Nevertheless, our algorithms were implemented on Visual Studio (2020), and linear programming models were solved with IBM ILOG CPLEX 12.9. (IBM 2020) using a computer with 2.4 GHz Intel i7-13700 processor and 32 GB RAM running on a Windows 11 operating system. One can also observe all detailed results regarding our instances in Table 5.

6. Conclusions

This study addresses the FTL problem, which is a critical and widely encountered operation in the logistics sector. The proposed algorithm can be applied to reach the exact solution when information related to vehicles and customers is apparent. If demands owned by the logistic firm have been categorized as contractual or non-contractual, specifying the product types and the number of time windows within which those orders can be met, then those inputs can be put into the algorithm. Furthermore, the information regarding which type of available vehicle can depart with which type of trailer from a specific location can be embedded into the inputs of the algorithm as well as the details of washing centers. Afterwards, involving relevant transportation costs, travel times, and profits originating from satisfying non-contracted customers, a logistic firm can find out the optimal total transportation cost and optimal routes for designated vehicles by arranging the departure time of those vehicles to reduce waiting times at relevant locations on their routes as well.

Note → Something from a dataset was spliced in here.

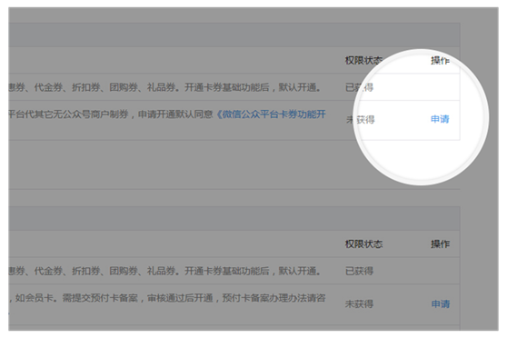 申請路徑:微信公眾平臺-卡券功能-卡券概況-查看資料與權限頁面,申請“開發(fā)者協(xié)助制券“能力,公眾平臺商戶和接口商戶均有入口申請。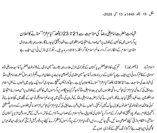 TNFJ UK    ASR NEWS    ENGLISH NEWS    URDU NEWS    JOIN TNFJ    ANNOUNCEMENTS    QUAID'S MESSAGES    CONTACT TNFJ UK

The performance results indicate that small optimality gaps of less than 1% can be achieved within reasonable computational times even in the large-scale instances of the logistic firm that inspired our work. Specifically, optimality can be attained within three and a half hours for instances involving up to one-hundred-and-twenty customer points, eight product and trailer types, seven washing centers, four time windows, and forty departure points. Furthermore, it can be noted that the computational time required for optimization over extended time horizons with a large number of customers tends to rise substantially. This is mainly due to the fact that the CPU time is most affected by the increase in the number of time windows as the number of customers increases, as shown in the Computational Study Section. Undoubtedly, the computational time can also be reduced significantly by employing enterprise processors or servers in chip markets.

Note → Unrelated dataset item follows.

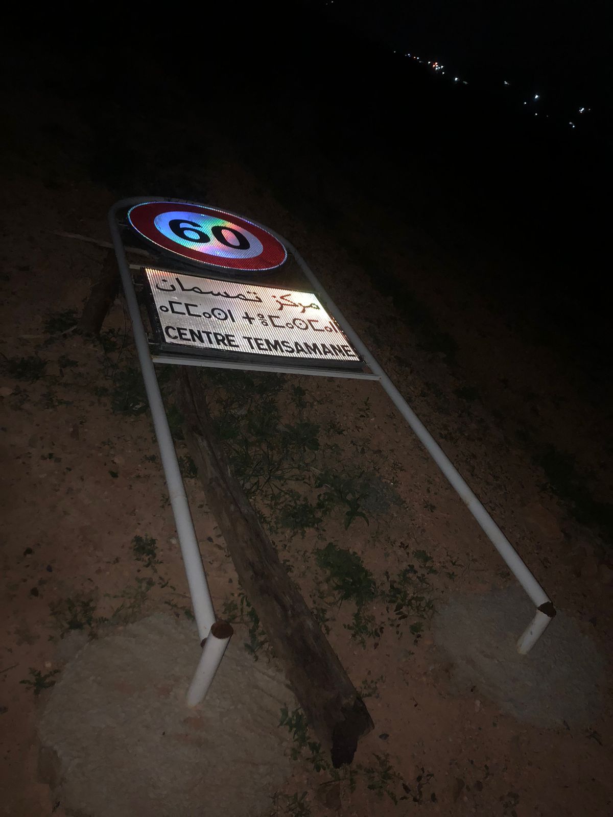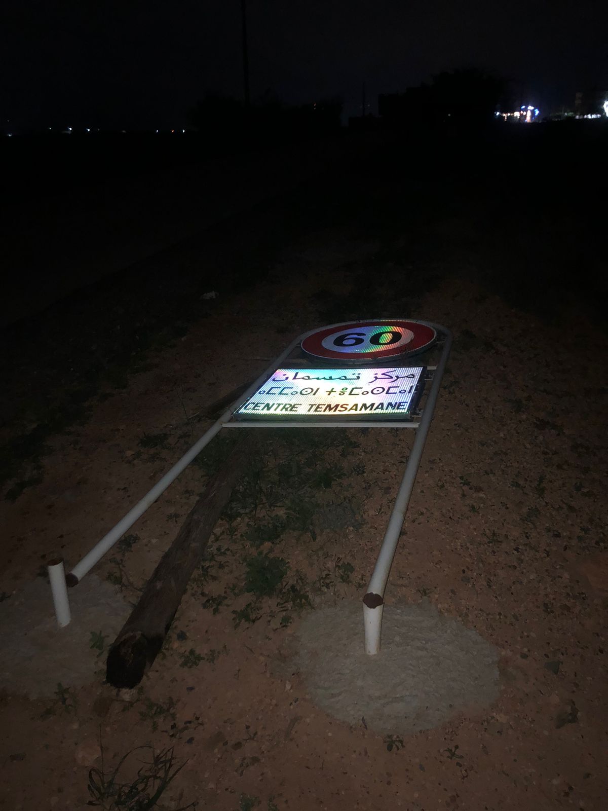 وتُعد هذه اللوحات من ضمن علامات التشوير الخاصة بمداخل التجمعات السكنية، حيث تُنصب لتنبيه مستعملي الطريق إلى دخولهم المجال الحضري وضرورة تخفيض السرعة حفاظًا على سلامة الراجلين ومستعملي الطريق. غير أن الصور المتداولة تُظهر سقوط اللوحة أرضًا، مع ما يبدو أنه اهتراء أو ضعف في الأعمدة الحديدية الحاملة لها.

However, one of the limitations of this study is the absence of a benchmark dataset for the relevant FTL problem concept, which necessitated the creation of artificial instances. Furthermore, the large number of breakdowns caused by the high number of parameters entails a huge consumption of time to collect a sufficient amount of data for each breakdown regarding further analysis.

Future research could explore more complex networks, diverse vehicle types, driver constraints, and dynamic optimization in FTL operations. This includes incorporating electric vehicles and drones, considering driver rest requirements, and applying stochastic and dynamic optimization techniques to address uncertainties in transportation processes. Overall, future studies should focus on evolving vehicle, driver, and network concepts in FTL transportation.